CloudWatch

CloudWatch Overview:

  • Performance monitoring, alarms, log collections and automated remediation.
  • Used to collect performance metrics (AWS and On-prem), event driven responses, improve performance and resource optimisation and operational visibility with logs.

CloudWatch Features:

  • Metrics
  • Alarm
  • Logs
  • Events

CloudWatch Metrics:

  • Metrics are sent from many services.
  • EC2 for example are sent every 5 mins (free).
  • This can be changed to every minute for a cost.
  • CloudWatch Agent required for system level metrics (Memory/Disk).
  • Can also publish custom metrics: Standard Resolution: 1 Min, High Res: 1 sec.
  • Metrics exist within a region, cannot be deleted, expire after 15 months (default).
  • Metrics are uniquely defined by: Name, Namespace and zero or more dimensions.
  • Timestamps are two weeks in the past to two weeks in the future.
  • Metric retention depends on data period length:
  • <60 seconds = Retained for 3 hours, 60 seconds = 15 day retention, 300 seconds = 63 Day retention and 3600 seconds = 455 Days retention.

CloudWatch Alarm:

  • Metric Alarm performs an action based on single metric.
  • Composite Alarm rule expression includes multiple alarms.
  • Can create custom alarm using 'set-alarm-state' API/CLI Command.
  • Metric Alarm States: OK, Alarm and Insufficient_Data.

Namespaces:

  • A namespace is simply a container for metrics of different services.
  • Metrics in different namespaces are isolated.
  • Namespace for each data point you publish must be specified.

Dimensions:

  • A way to further categorise a namespace.
  • Key-Value pairs.
  • Up to 10 dimensions for a metric.
  • Dimensions are categories that define characteristics of each metric.
  • Enable to organise and filter metric data based on specific attributes.
  • Attributes could be resource-id,  service type etc.

CloudWatch Statistics:

  • Statistics of data collected from metrics of Data Points (EC2 etc).
  • Examples include: Averages (min, max, samplecount etc).

CloudWatch API Metrics:

  • 'GetMetricData' = Retrieve up to 500 Metrics in a single call.
  • 'PutMetricData' = Publishes metric data points to CloudWatch. If it doesnt exist, it is created.
  • 'GetMetricStatistics' = Get stats for specified metric, aggregates data points based on time specified (Max No. of Data Points is 1440 in single call).

Unified CloudWatch Agent:

  • Used to collect internal system-level metrics for AWS and On-Prem devices.
  • Can collect custom app metrics.
  • Can collect logs for Windows/Linux.
  • Installation process is as follows:
  1. Create IAM role to enable metric collection.
  2. install/download agent package.
  3. Update CloudWatch agent config file.
  4. Start agent.

When starting the agent, you must attach an instance profile or specify a named profile for On-Prem, or you can integrate it with Systems Manager.

CloudWatch Logs:

  • Gather and centralise logs for apps and system logs.
  • Define expiration policies and KMS Encryption.
  • Send the logs to: S3, Kinesis Streams or Kinesis Firehose.
  • Log Insights used to interactively search and analyze data.
  • Create alarms based on API activity captured by CloudTrail.
  • Logs are kept indefinitely (Default).
  • CloudWatch logs can be used with Route 53 for DNS Queries.
Log Components:
  • Events: Record or activity by monitored resource.
  • Stream: Sequence of events that share same resource.
  • Groups: Groups of log streams that share retention/monitoring settings.
  • Metric Filters: Used to extract metric observations from ingested events and transform them to Data Points in CloudWatch Metric.
  • Retention Setting: How long log events are kept in the CloudWatch Logs.

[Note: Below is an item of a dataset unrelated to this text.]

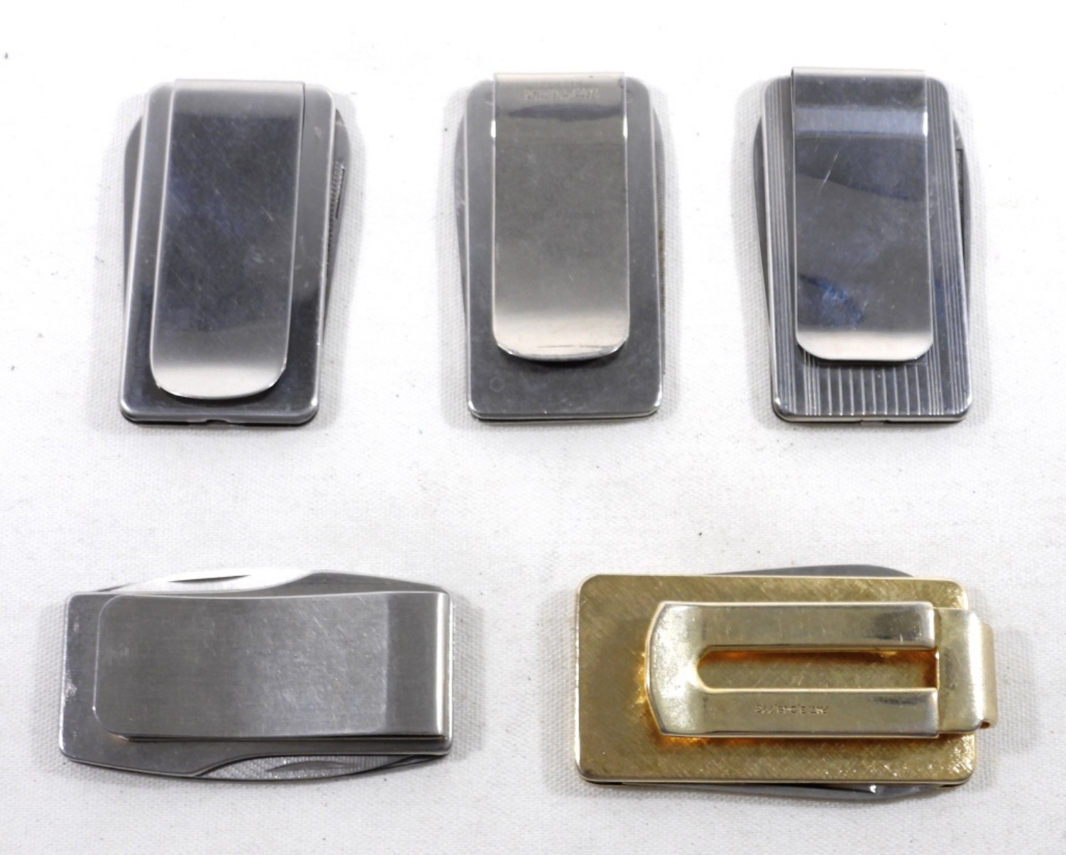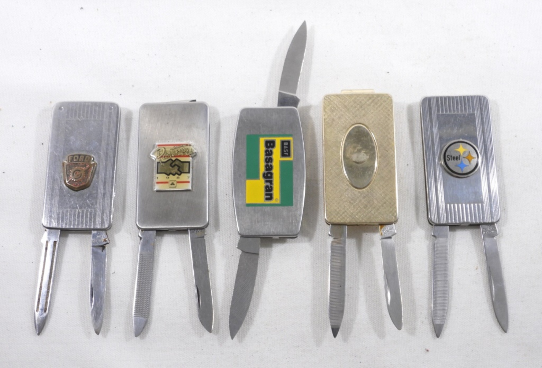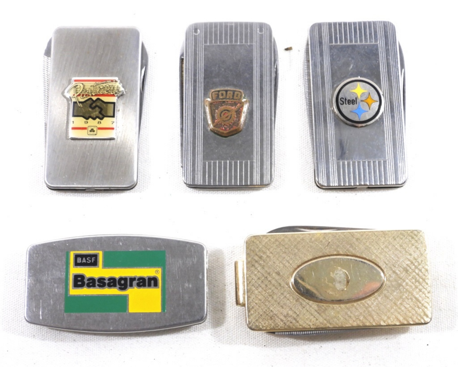 5 ASSORTED MONEY CLIP POCKET KNIFE LOT. ASSORTED DESIGNS ON FRONT, MIXED CONDITIONS.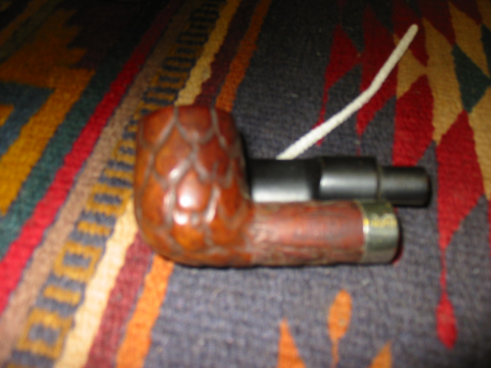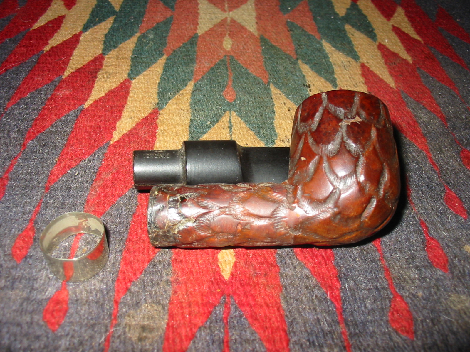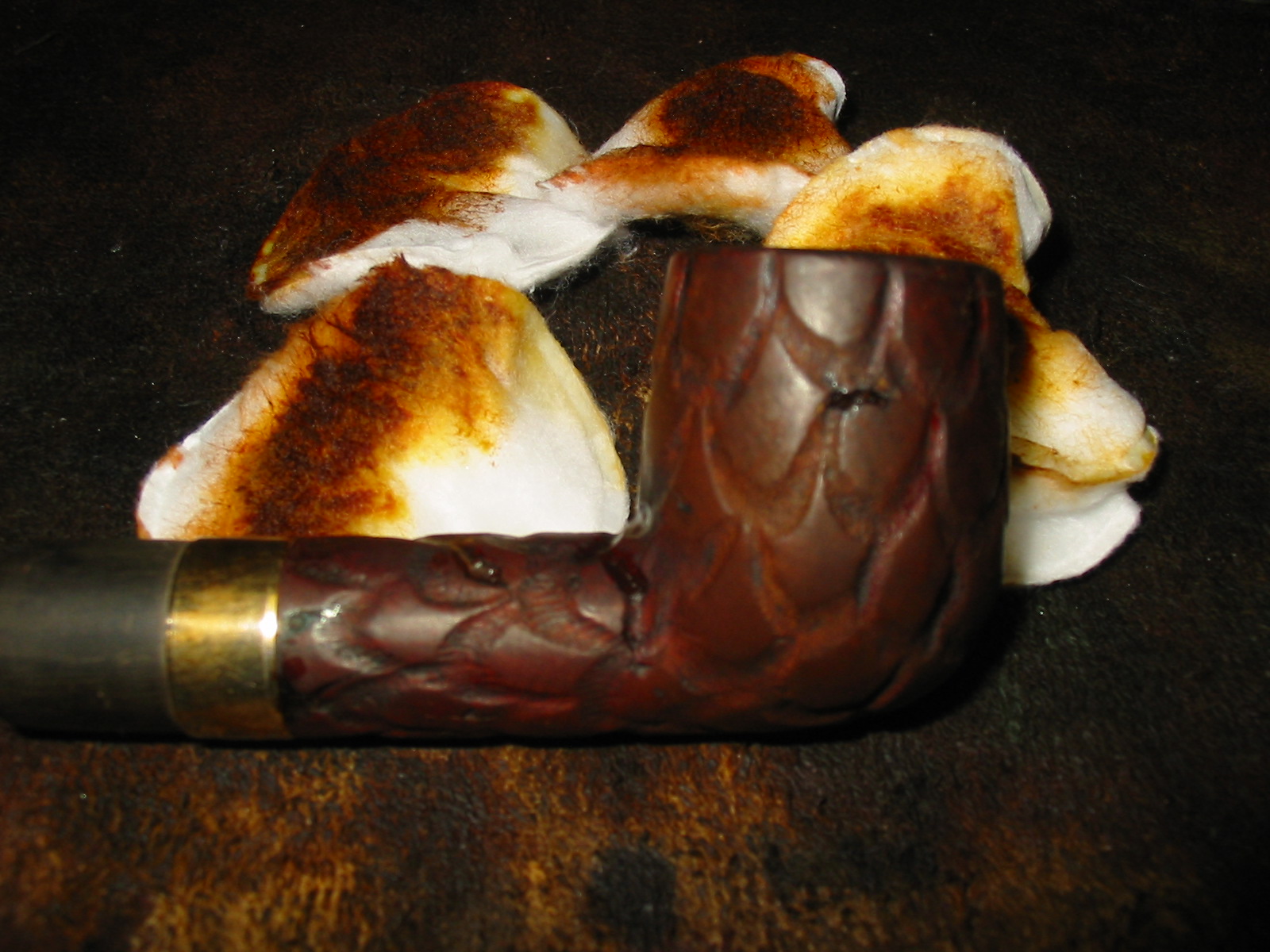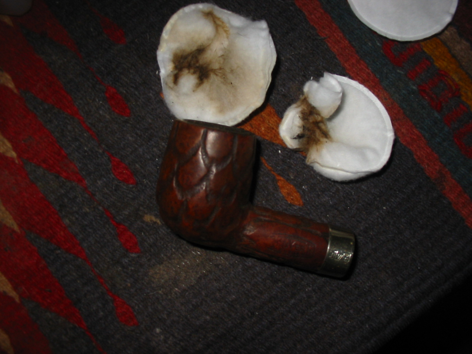 I cleaned out the inside of the bowl with cotton swabs and isopropyl alcohol. Once I had it clean I worked on the resin on the shank repair. I sanded it until it was flush with the surface of the rest of the shank so that it did not bulge. I continually checked to see if I was weakening the repair but the shank was solid. I used the dental pick and my modified Philips screwdriver rusticator to rusticate the area around the resin repair. I also found a band in my box that fit the shank perfectly and pressed it into place. The band was more for bling than as the shank was not cracked or damaged. I also went through my stem can and found a stem that fit the diameter of the shank, turned it with the PIMO tenon turning tool and fit is in place. It would need to be reduced slightly in diameter to fit well with the band. I wiped down the bowl and shank with isopropyl alcohol on a cotton pad. I did not want to chance acetone as I was worried about it dissolving the resin on the shank repair. As I did not know what was used in the repair I did not want to chance further damage.

EventBridge (Formally CloudWatch Events):

  • It is a serverless service.
  • It helps to create Event-Driven architecture.
  • Services and Applications send events to the EventBridge Event Bus.
  • The EventBridge has some configured rules defined by the user.
  • These rules invoke a remediation or trigger a 'Target' action.
  • Common targets can be Lambda or Kinesis.